WHAT IS NEEDED –
Locate the line that contains "Ilustración 1 lavado de vía al mar." in the entries below, then repeat it and every following line through the line that contains "INVERHAV SAS, a", exactly, and no others.

RECORDS –
......

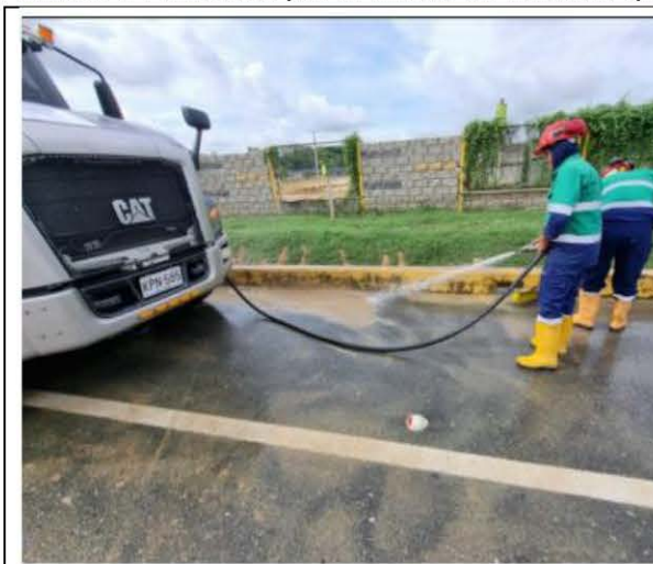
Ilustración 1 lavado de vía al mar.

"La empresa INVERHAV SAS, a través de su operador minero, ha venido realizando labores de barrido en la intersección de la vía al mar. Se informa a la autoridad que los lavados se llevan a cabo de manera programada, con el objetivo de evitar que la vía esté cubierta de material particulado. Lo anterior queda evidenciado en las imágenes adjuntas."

......

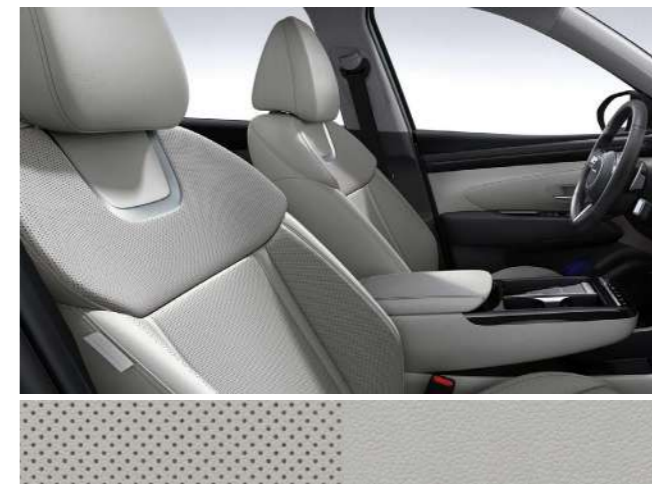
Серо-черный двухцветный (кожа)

......

OUTPUT FOR THIS TASK –
Ilustración 1 lavado de vía al mar.

"La empresa INVERHAV SAS, a través de su operador minero, ha venido realizando labores de barrido en la intersección de la vía al mar. Se informa a la autoridad que los lavados se llevan a cabo de manera programada, con el objetivo de evitar que la vía esté cubierta de material particulado. Lo anterior queda evidenciado en las imágenes adjuntas."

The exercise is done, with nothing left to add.